The Ultrarich Are Getting Cozy in America’s Tax Havens
In 2020, a proposed constitutional amendment in Illinois attempted to turn the state’s flat personal income tax of 4.95 percent into a graduated rate that rises with income. Democratic Gov. J.B. Pritzker, a billionaire himself, posed the amendment as a fight for tax fairness that would ask the state’s wealthiest residents to pay a greater share, but he had a formidable foe: Billionaire hedge fund manager Ken Griffin, who poured $54 million into defeating the measure, framing the amendment as an extra burden on Illinois taxpayers that would enable irresponsible government spending. In fact, it would have kept the tax rate the same or lower for Illinoisans making $250,000 or less. (ProPublica estimated that it would have cost Griffin, who currently is worth around $29 billion, an extra $51 million a year in taxes.)
The measure failed to pass.
Illinois’ flat income tax is one example of a regressive state tax system, in which the tax burden decreases the richer someone is. They are designed for the benefit of the wealthy — and sometimes by the wealthy — at the expense of low- and middle-income taxpayers.
The federal income tax is progressive because the share of income tax someone pays grows bigger the more money they make. But it’s a different story for state taxes. Not only do 14 states already have or plan to implement a flat income tax, the vast majority of them, like Illinois, also have regressive tax systems that serve to widen the wealth gap. What’s more, the past few years have been marked by a flurry of newly passed state tax cuts — in 2022, at least 35 states and DC have voted for some kind of cut. At least 13 have adopted income tax rate cuts, which usually benefit the wealthy more than the poor, and while a minority of states currently have no income tax, a growing number are trying to eliminate it.

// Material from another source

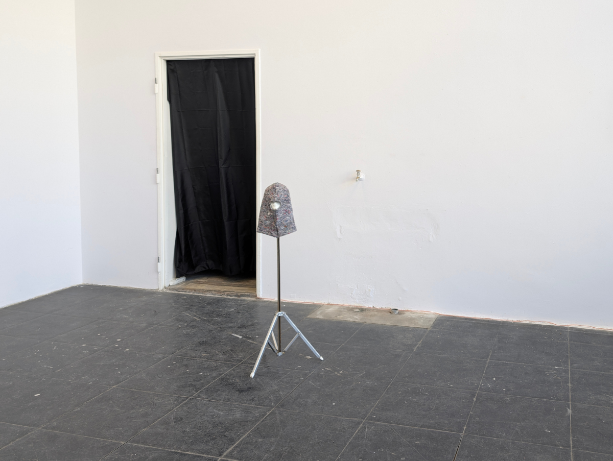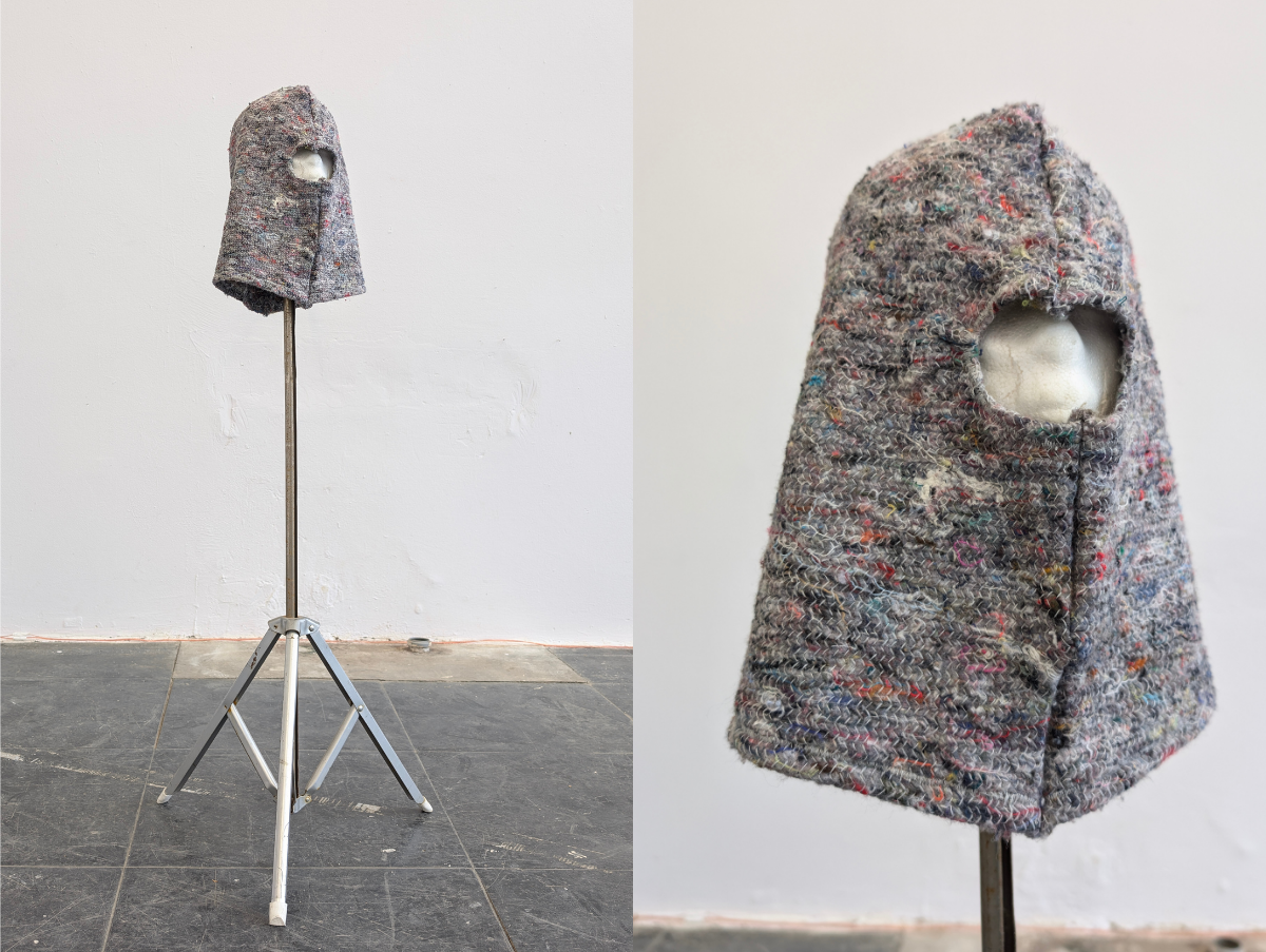 Malervlies, Nähgarn, Styroporkopf, Metallständer
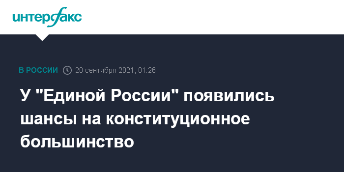 Москва. 20 сентября. INTERFAX.RU - Партия "Единая Россия" имеет шансы на получение конституционного большинства в новом составе Государственной думы, следует из предварительных итогов голосования.

Such tax cuts are just one way that state laws and policies can help worsen economic inequality. When the wealthy aren’t taxed, there’s a cost for everyone else. If states take away taxes on wealth — levying no corporate income tax, no progressive income tax, no capital gains tax, no estate tax — what’s left to fund the services society relies on?
A tax system doesn’t just raise money for governments; it can help level the playing field of wealth by taking more from the richest and less from the poorest. That tax revenue can then further address economic inequality through spending on public benefits and services.
Some states, like Massachusetts, have raised taxes on rich residents, but overall, attempts in recent years to tax the wealthy more have been an uphill struggle. States are not just cutting or eliminating income taxes; a growing number are becoming homes to unregulated trust industries that allow the ultrarich to keep their assets hidden.
These states, in other words, are becoming cozy tax havens for the country’s wealthiest people. Low state income and corporate taxes, along with lax oversight of trusts, creates an environment in which the ultrarich keep their wealth mostly out of the reach of taxation, while more of the tax burden is shifted onto low-income Americans. Tax havens have typically been associated with countries like Switzerland, Panama, and Malta, but now they’re flourishing within the US, too.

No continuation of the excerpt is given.